[Saved entries]
● ● ● ● ● ● ●

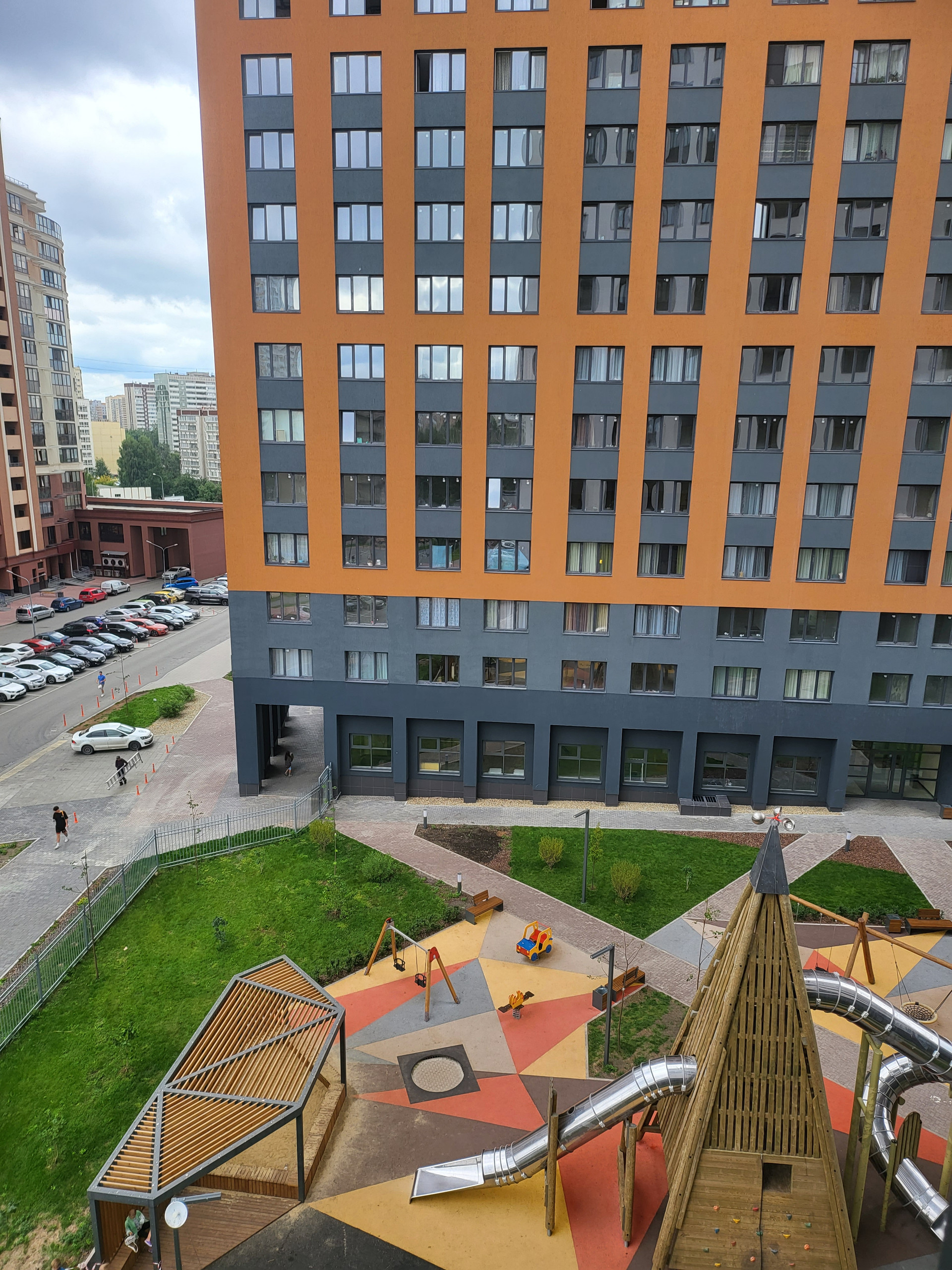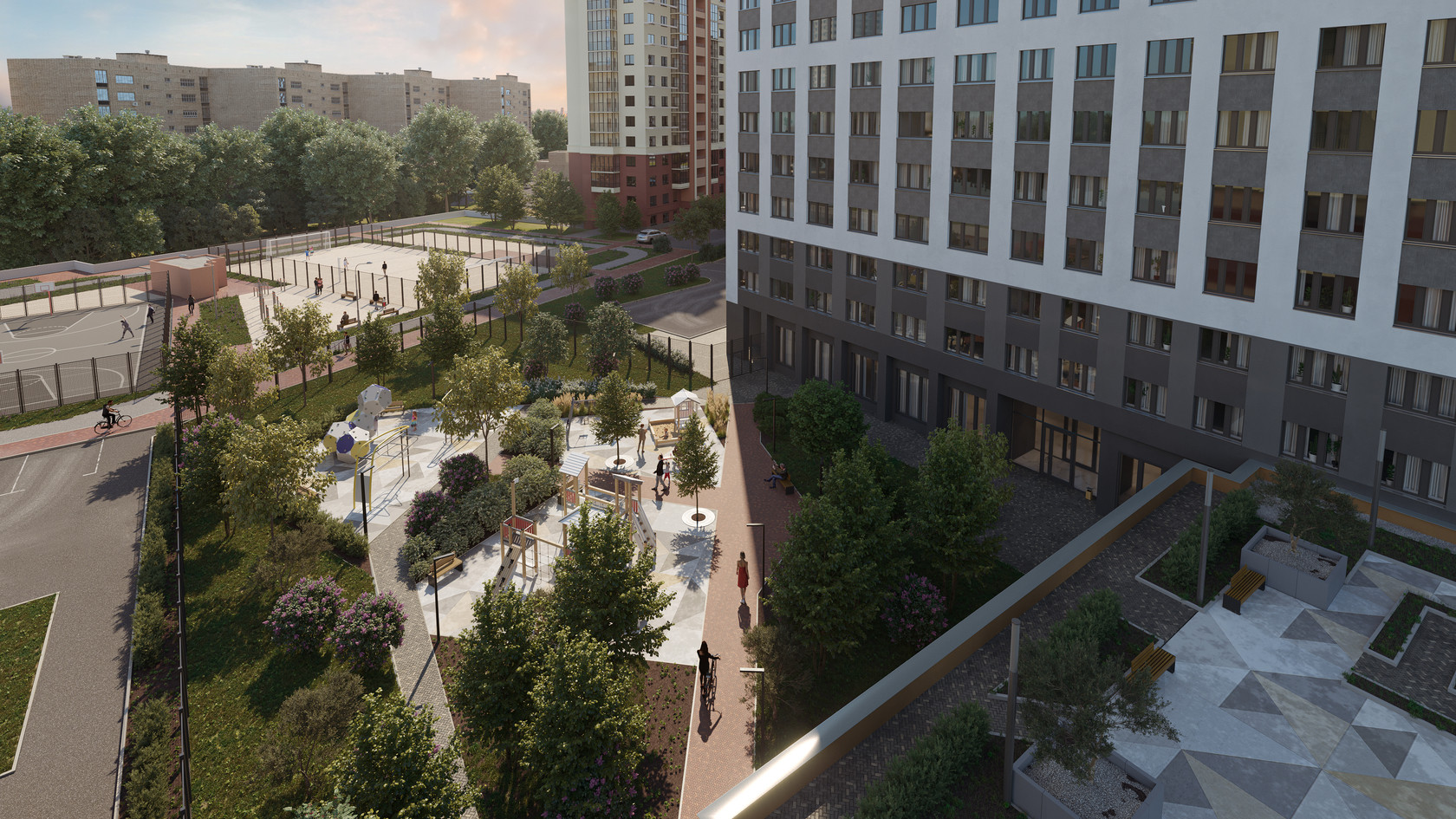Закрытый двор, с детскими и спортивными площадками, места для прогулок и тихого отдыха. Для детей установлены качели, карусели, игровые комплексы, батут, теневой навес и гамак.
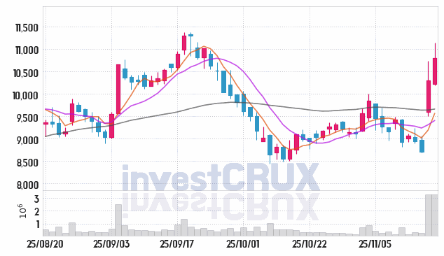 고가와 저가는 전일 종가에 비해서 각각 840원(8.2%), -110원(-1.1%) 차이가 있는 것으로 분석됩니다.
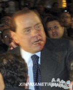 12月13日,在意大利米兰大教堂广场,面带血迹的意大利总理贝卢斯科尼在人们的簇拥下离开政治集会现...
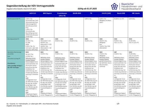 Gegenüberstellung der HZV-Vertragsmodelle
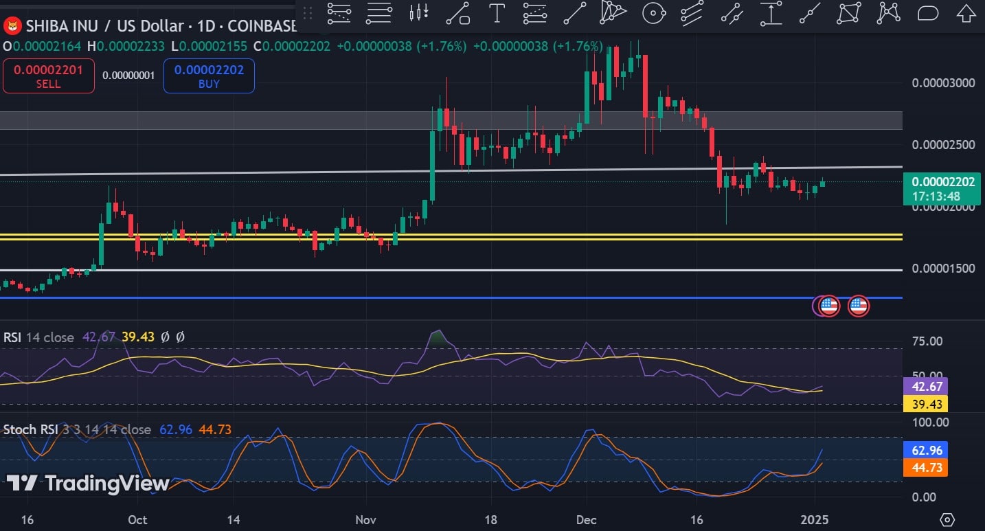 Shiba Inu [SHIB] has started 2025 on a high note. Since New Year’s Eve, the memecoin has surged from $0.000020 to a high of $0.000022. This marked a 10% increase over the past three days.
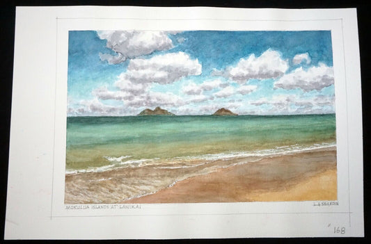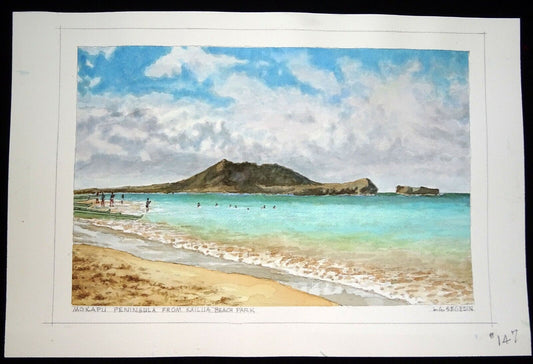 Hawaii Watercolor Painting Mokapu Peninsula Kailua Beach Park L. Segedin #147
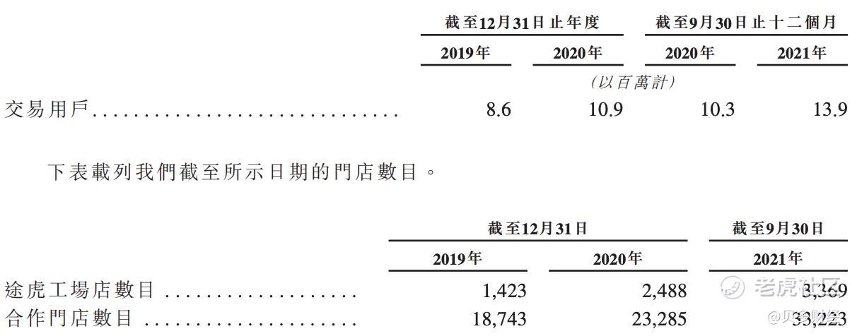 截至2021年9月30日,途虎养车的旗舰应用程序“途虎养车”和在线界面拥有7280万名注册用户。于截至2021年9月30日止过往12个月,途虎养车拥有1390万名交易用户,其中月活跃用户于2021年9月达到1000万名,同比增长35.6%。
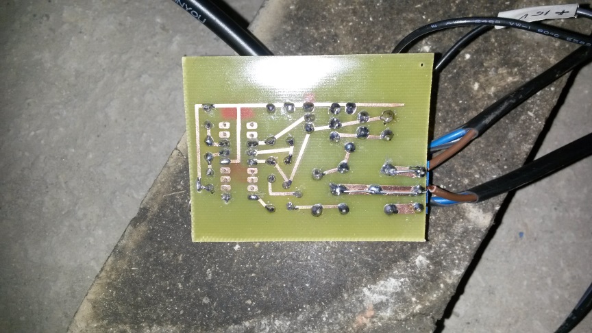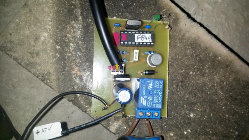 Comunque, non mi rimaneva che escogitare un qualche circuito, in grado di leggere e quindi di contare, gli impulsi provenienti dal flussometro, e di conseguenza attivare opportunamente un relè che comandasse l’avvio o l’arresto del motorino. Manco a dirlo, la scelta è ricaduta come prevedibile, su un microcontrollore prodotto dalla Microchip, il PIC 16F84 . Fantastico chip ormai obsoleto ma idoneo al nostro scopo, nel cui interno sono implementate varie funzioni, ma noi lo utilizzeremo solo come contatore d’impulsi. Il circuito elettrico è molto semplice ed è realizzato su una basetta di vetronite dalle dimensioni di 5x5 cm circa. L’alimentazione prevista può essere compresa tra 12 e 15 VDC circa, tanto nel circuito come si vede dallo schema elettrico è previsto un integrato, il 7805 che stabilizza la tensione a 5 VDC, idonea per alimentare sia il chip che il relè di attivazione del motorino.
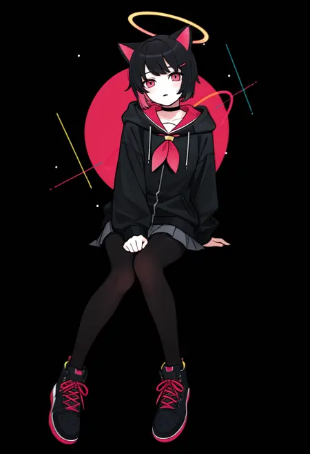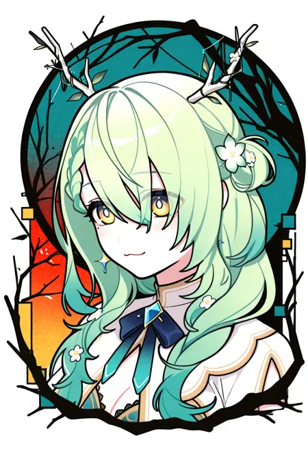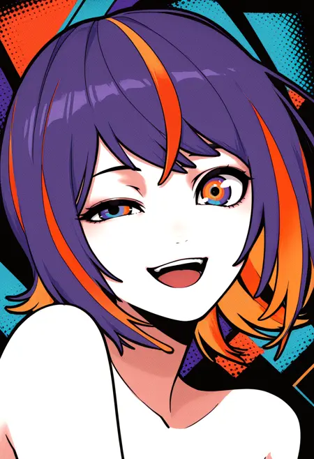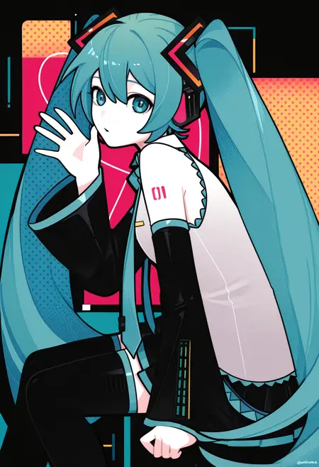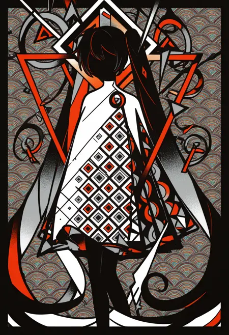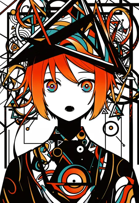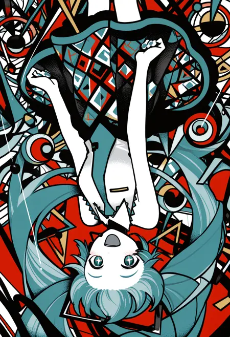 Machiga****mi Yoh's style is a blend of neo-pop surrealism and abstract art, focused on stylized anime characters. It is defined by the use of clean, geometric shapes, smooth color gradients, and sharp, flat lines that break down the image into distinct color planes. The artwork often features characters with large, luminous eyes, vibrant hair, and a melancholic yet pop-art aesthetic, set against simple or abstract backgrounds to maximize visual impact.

● ● ● ● ● ● ●

WHAT YOU WILL DO:
From the data above, return exactly the lines from the one with "고가와 저가는 전일 종가에" up to and including the one with "Comunque, non mi". Pictures do not go in the copy.

ANSWER SPACE:
 고가와 저가는 전일 종가에 비해서 각각 840원(8.2%), -110원(-1.1%) 차이가 있는 것으로 분석됩니다.
 12月13日,在意大利米兰大教堂广场,面带血迹的意大利总理贝卢斯科尼在人们的簇拥下离开政治集会现...
 Gegenüberstellung der HZV-Vertragsmodelle
 Shiba Inu [SHIB] has started 2025 on a high note. Since New Year’s Eve, the memecoin has surged from $0.000020 to a high of $0.000022. This marked a 10% increase over the past three days.
 Hawaii Watercolor Painting Mokapu Peninsula Kailua Beach Park L. Segedin #147
 截至2021年9月30日,途虎养车的旗舰应用程序“途虎养车”和在线界面拥有7280万名注册用户。于截至2021年9月30日止过往12个月,途虎养车拥有1390万名交易用户,其中月活跃用户于2021年9月达到1000万名,同比增长35.6%。
 Comunque, non mi rimaneva che escogitare un qualche circuito, in grado di leggere e quindi di contare, gli impulsi provenienti dal flussometro, e di conseguenza attivare opportunamente un relè che comandasse l’avvio o l’arresto del motorino. Manco a dirlo, la scelta è ricaduta come prevedibile, su un microcontrollore prodotto dalla Microchip, il PIC 16F84 . Fantastico chip ormai obsoleto ma idoneo al nostro scopo, nel cui interno sono implementate varie funzioni, ma noi lo utilizzeremo solo come contatore d’impulsi. Il circuito elettrico è molto semplice ed è realizzato su una basetta di vetronite dalle dimensioni di 5x5 cm circa. L’alimentazione prevista può essere compresa tra 12 e 15 VDC circa, tanto nel circuito come si vede dallo schema elettrico è previsto un integrato, il 7805 che stabilizza la tensione a 5 VDC, idonea per alimentare sia il chip che il relè di attivazione del motorino.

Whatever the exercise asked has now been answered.